OpenFabrics / fsdp_setup

Setup scripts for use with the FSDP cluster
GNU Lesser General Public License v2.1
0 stars 1 forks source link

Final issues to declare phase I complete #69

Closed dledford closed 2 years ago

dledford commented 2 years ago

builder-00: need to update interface definitions to match fabric layout so dhcp will work properly. See issue #63. Also need to update the system /etc/opa-fm/opafm.xml file with the one in ~dledford/opafm.xml (needs a test, I'm not positive that the mcast MTU I set on partition 8022 will work, if not, it needs reduced to the maximum allowed value, but I think 10240 is the maximum allowed value on the fabric).

node-01 through node-04: opa issues related to the need to update the opafm.xml file on builder-00, and related dhcp issues also due to the same issue

node-01: x722 interface has cable plugged into port2 instead of port1. We can either a) move the cable and update the machine definition be reverting the change that setup port2 as the iw port, or b) update test_nodes.md to reflect the actual port usage configuration.

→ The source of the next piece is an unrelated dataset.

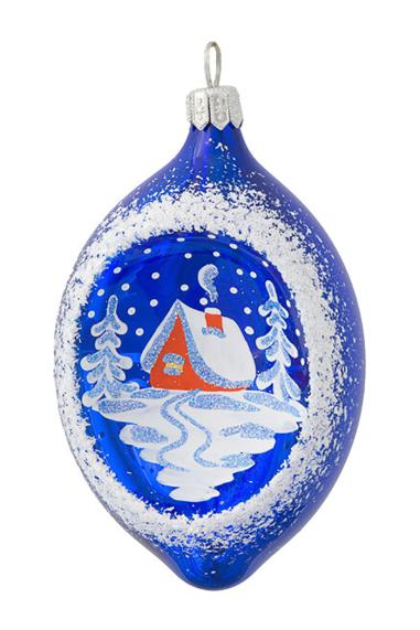 Фигурное украшение Прожектор Зима с оригинальной лункой выполнено из стекла, декорировано отрисовкой из глиттера. Для удобства подвешивания игрушка имеет ушко. Размер 12,5 см.
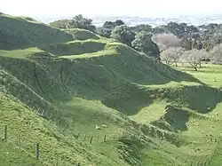 Many of the maunga (mountains) were occupied by substantial Māori (fortifications) before Pākehā settlement, and many terraces and other archeological remnants are still visible.[27] Many of the cones have been levelled or strongly altered, in small part due to the historical Māori use, but mostly through relatively recent quarrying of construction materials (especially scoria). However many of the remaining volcanoes are now preserved as landmarks and parks.[8]

node-02: Same x722 issue as node-01

node-07: Broadcom card is not coming up. The kernel shows the card as a single port card, while the test_nodes.md document shows that it should be dual port. It may need someone to check the card's settings in the BIOS to make sure it is configured properly.

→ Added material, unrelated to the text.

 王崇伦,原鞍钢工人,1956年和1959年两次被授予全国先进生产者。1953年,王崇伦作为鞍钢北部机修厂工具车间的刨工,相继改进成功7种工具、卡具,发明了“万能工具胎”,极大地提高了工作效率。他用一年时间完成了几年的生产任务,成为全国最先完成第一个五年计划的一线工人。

node-09: Both ports on the Marvell card are down. Port1 should be up and configured as a RoCE port on the switch. Port2 should be up and configured as an iWARP port on the switch.

node-10: Ditto Marvell card problem

All InfiniBand nodes: Not all IB subnets are coming up. The switch probably needs checked to make sure that the subnet manager is setup properly. For node-09 and node-10, which require bifurcated IB support, the second PCI devices are not coming up at all. This needs debugging on the switch too.

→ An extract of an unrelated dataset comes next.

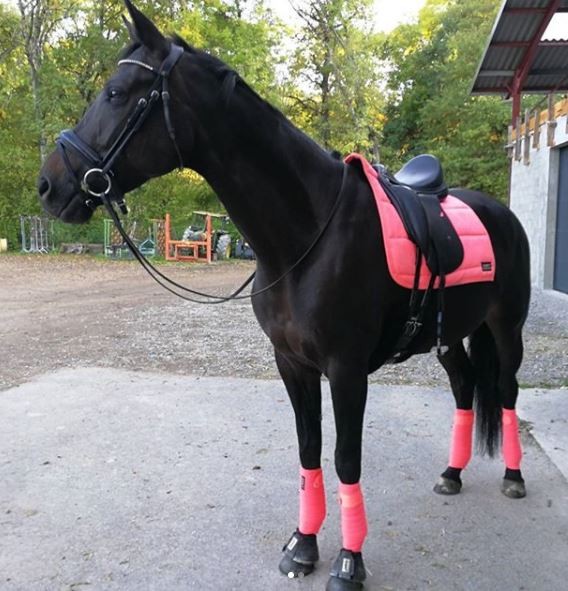 Et si je compte je dois avoir au moins 6 tapis de base rose / 8 tapis avec la bordure-cordes rose et ce en forme CSO ou Dressage (et en bande 4 paires et 2 paires de guêtre (pro choice / dressage coqué)) et j'oublie le couvre rein rose à coeur Nici et .... bref Rose addict mais toujours fashion hein

lylavoie commented 2 years ago

OPA fabric changes should be all set, these were changes in the interface configs and the FM needed to be updated as well (done now) 8024 was missing from the XML. Still need to check the MTU.

nodes 01 and 02, x722 card, we've swapped the ports, but now in Linux (as currently setup), is see two interfaces, x722_off (f8:f2:1e:bd:4d:be) and x722_iw (f8:f2:1e:bd:4d:bf), where x722_off now has Link-Up.

node-07 Broadcom is being tracked in https://github.com/OpenFabrics/fsdp_docs/issues/81

node-09 / 10 Marvell card, you mean the QLogic Card? The switch is configured for 25G breakout, and cables are all connected. Need to check the server BIOS.

Node 09 / 10 IB port 2 - I'm not sure on this one, what needs to change on the switch config to "enable" the second port on the other PCI.

lylavoie commented 2 years ago

@dledford will contact Mellanox about the bi-PCI card setup. @lylavoie will create a separate issue to track the node-09/10 Qlogic card.